PAYMENT_METHOD = "Payment Method"
LOCATION = "Location"
ITEM = "Item"
TRANSACTION_ID = "Transaction ID"

# Define error
COERCE_ERRORS = "coerce"

In [42]:
df = pd.read_csv(CSV_IN)

### Quantify missing Price Per Unit

Determine the scale of missing entries in `Price Per Unit` after STEP 1 deletion. Assess whether deterministic reconstruction using the formula `Price = Total Spent ÷ Quantity` is feasible.


In [43]:
# Convert column's values to numeric, coercing errors to NaN
# col is each of the relevant columns
for col in [PRICE_PER_UNIT, QUANTITY, TOTAL_SPENT]:
    # pd.to_numeric converts values in col to numeric, with errors coerced to NaN
    # df[col] accesses the target column
    # errors=COERCE_ERRORS specifies that parsing errors are set to NaN
    df[col] = pd.to_numeric(df[col], errors = COERCE_ERRORS)

# Count missing Price Per Unit values
# df[PRICE_PER_UNIT].isna() creates a boolean Series where True indicates missing values
# .sum() counts the number of True values (i.e., missing entries)
missingPrice = df[PRICE_PER_UNIT].isna()
# len(df) returns the total number of rows in the dataset
# .mean() on boolean Series gives the proportion of True values
print(f'Missing Price Per Unit rows: {missingPrice.sum()} of {len(df)} ({missingPrice.mean():.2%})')

# Verify that Total Spent and Quantity are complete (from STEP 1)
print(f'\nTotal Spent missing: {df[TOTAL_SPENT].isna().sum()} (should be 0)')
print(f'Quantity missing: {df[QUANTITY].isna().sum()} (should be 0)')


Missing Price Per Unit rows: 609 of 11971 (5.09%)
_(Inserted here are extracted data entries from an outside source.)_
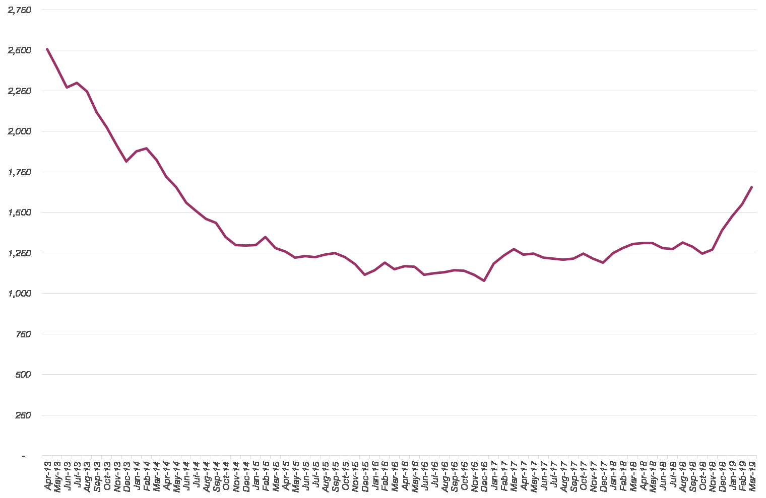 Chart 5: Wycombe’s claimant count over time, to March 2019
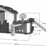 Domek oferuje zjeżdżalnię, kosz do koszykówki, ogródek ze stolikiem i dwoma krzesełkami, co zapewnia dzieciom szerokie możliwości zabawy.
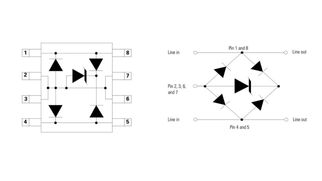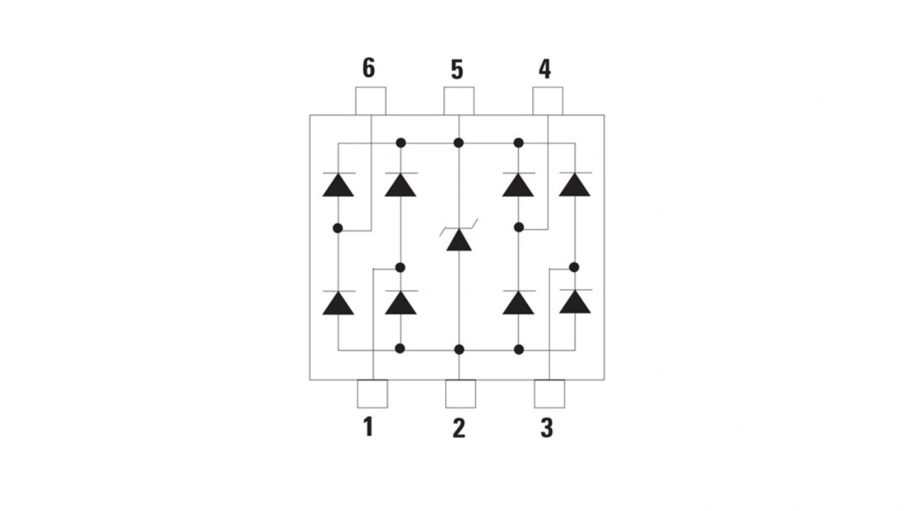 Wie bei anderen Schaltungen kann ein TVS-Dioden-Array den Ethernet-PHY-Chipsatz schützen. Im Falle des PoE-Schaltkreises für den Außenbereich sollte ein TVS-Dioden-Array mit höherer Leistung zum Einsatz kommen, wie die in Abbildung 5 gezeigte 2-Kanal-Komponente. Solche Bauteile können 3.000 W an transienter Leistung oder 150 A Stoßstrom absorbieren. Die integrierte Zener-Diode bietet Transientenschutz für das gesamte Bauteil, und die internen Suppressordioden gewährleisten differenziellen Transientenschutz für die einzelnen Kanäle.
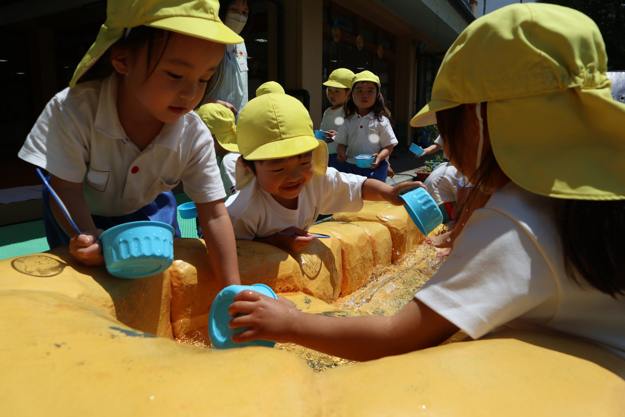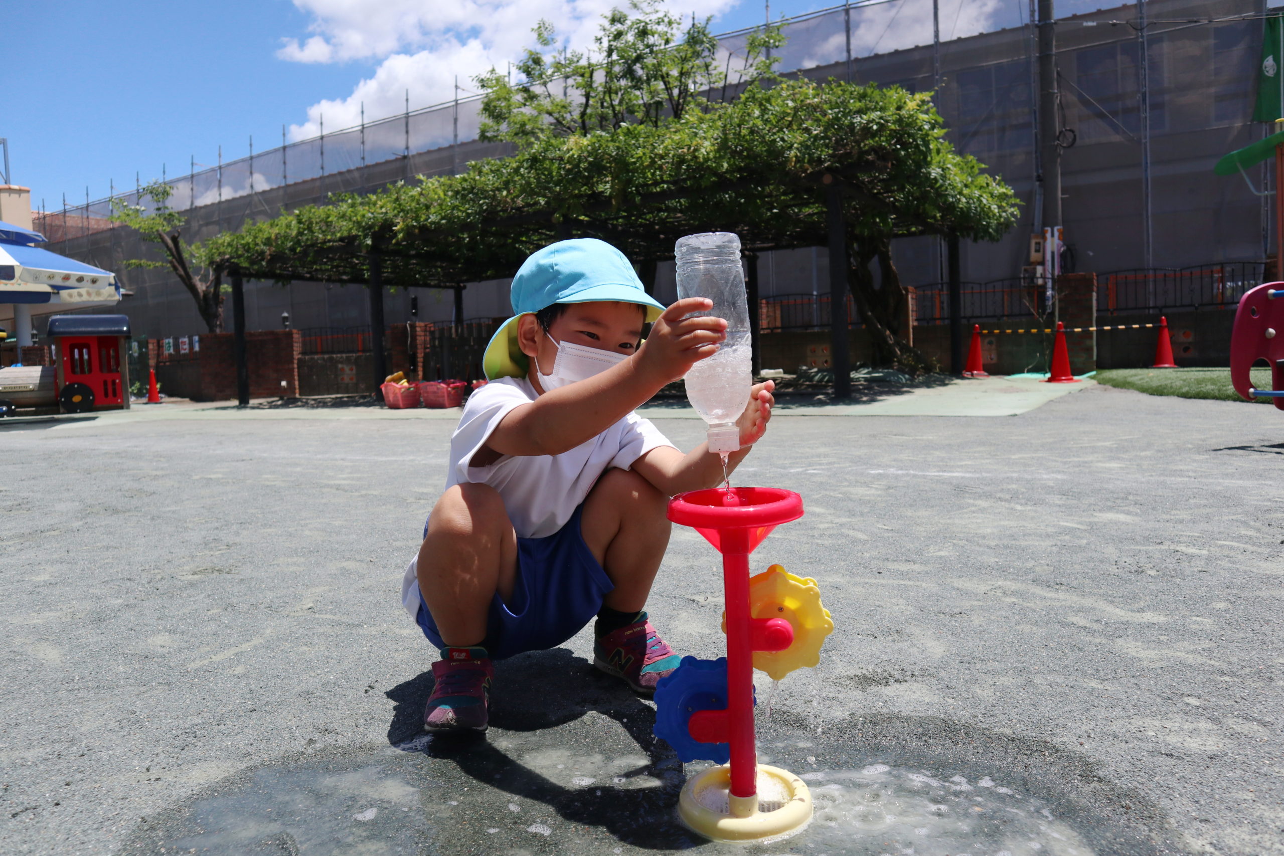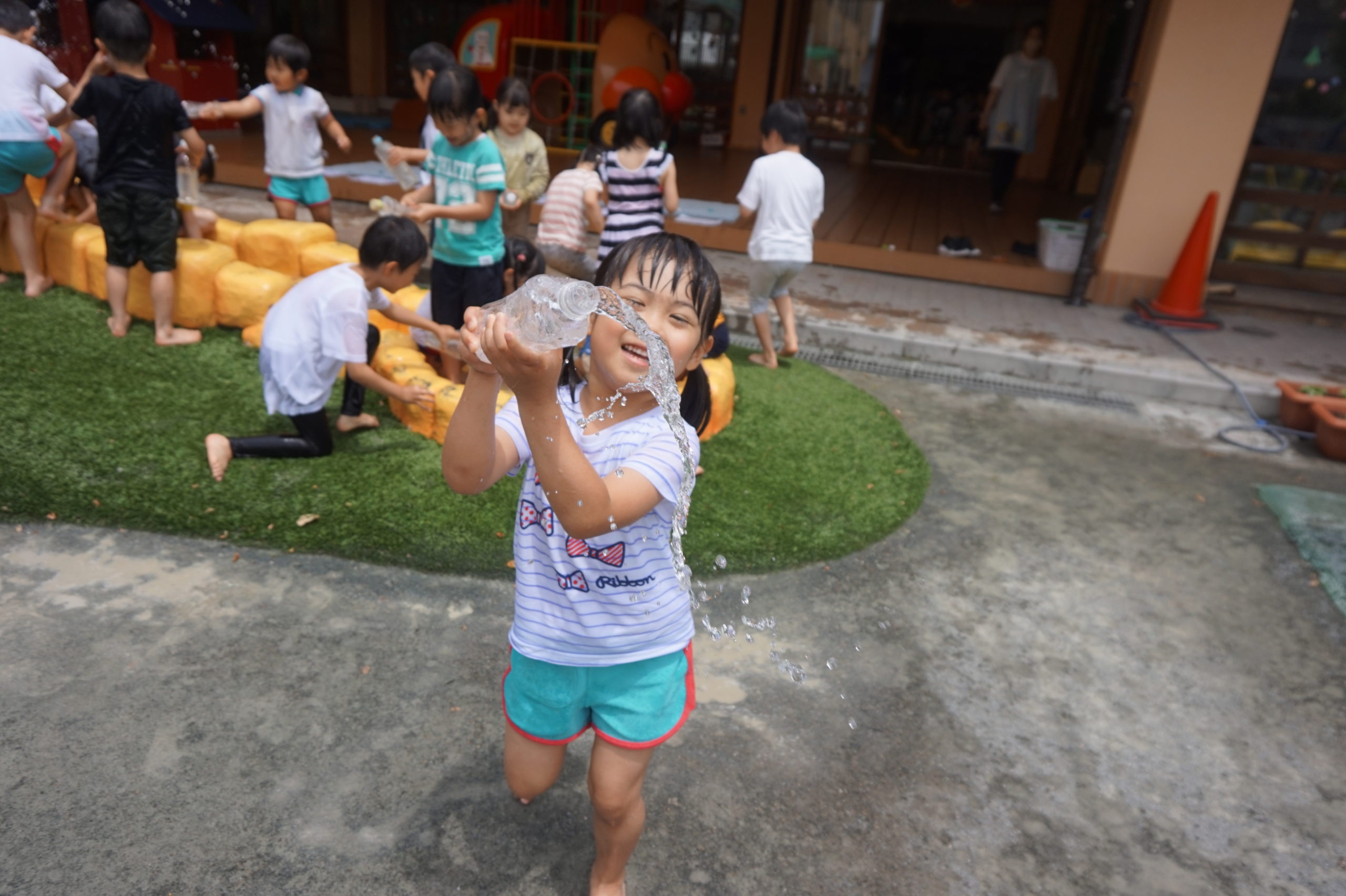 暑い日には水あそびに限りますね。お天気がいい日のASOBOTTOでは、こどもたちの楽しそうな歓声があがっています。

Total Spent missing: 0 (should be 0)
Quantity missing: 0 (should be 0)


### Missingness mechanism

Quantifying how often `Price Per Unit` is missing within each `Category`, payment method, and location to understand if the pattern is random or systematic. This helps confirm the MAR classification from the overall analysis.


In [44]:
# Analyze missingness patterns across categories
# .assign creates a new column missingPrice with the boolean missing indicator
# .groupby(CATEGORY) groups all rows by their category value
# [missingPrice].mean() calculates the proportion of missing values per category
# .sort_values(ascending=False) sorts categories by missing proportion (highest first)
summary = df.assign(missingPrice=missingPrice).groupby(CATEGORY)['missingPrice'].mean().sort_values(ascending=False) * 100
print('Share of Price Per Unit missing by Category %:')
print(summary.round(2))

# Analyze missingness patterns across payment methods
# Same logic as above, but grouped by 'Payment Method'
paymentShare = df.assign(missingPrice=missingPrice).groupby(PAYMENT_METHOD)['missingPrice'].mean().sort_values(ascending=False) * 100
print('\nShare of Price Per Unit missing by Payment Method %:')
print(paymentShare.round(2))

# Analyze missingness patterns across locations
# Same logic as above, but grouped by 'Location'
locationShare = df.assign(missingPrice=missingPrice).groupby(LOCATION)['missingPrice'].mean().sort_values(ascending=False) * 100
print('\nShare of Price Per Unit missing by Location %:')
print(locationShare.round(2))


Share of Price Per Unit missing by Category %:
Category
Milk Products                         5.82
Computers and electric accessories    5.42
Food                                  5.37
Electric household essentials         5.21
Butchers                              5.01
Patisserie                            5.00
Beverages                             4.61
Furniture                             4.26
Name: missingPrice, dtype: float64

Share of Price Per Unit missing by Payment Method %:
Payment Method
Digital Wallet    5.71
Credit Card       5.04
Cash              4.53
Name: missingPrice, dtype: float64

Share of Price Per Unit missing by Location %:
Location
Online      5.32
In-store    4.84
Name: missingPrice, dtype: float64


### Co-missingness analysis

Examining whether `Price Per Unit` is missing alongside other key fields, particularly `Item`. This helps confirm the systematic pattern identified in the overall analysis.


In [45]:
# Check co-missingness with Item
# missingPrice & df['Item'].isna() creates boolean Series that is True only when BOTH are missing
# .sum() counts how many rows have both fields missing
# Perfect overlap would mean all missing Price Per Unit also have missing Item
itemOverlap = (missingPrice & df[ITEM].isna()).sum()
print(f'Rows with both Price Per Unit and Item missing: {itemOverlap}')
print(f'Price Per Unit missing: {missingPrice.sum()}')
print(f'Perfect overlap: {itemOverlap == missingPrice.sum()}')
print(f'Overlap percentage: {itemOverlap / missingPrice.sum():.1%}')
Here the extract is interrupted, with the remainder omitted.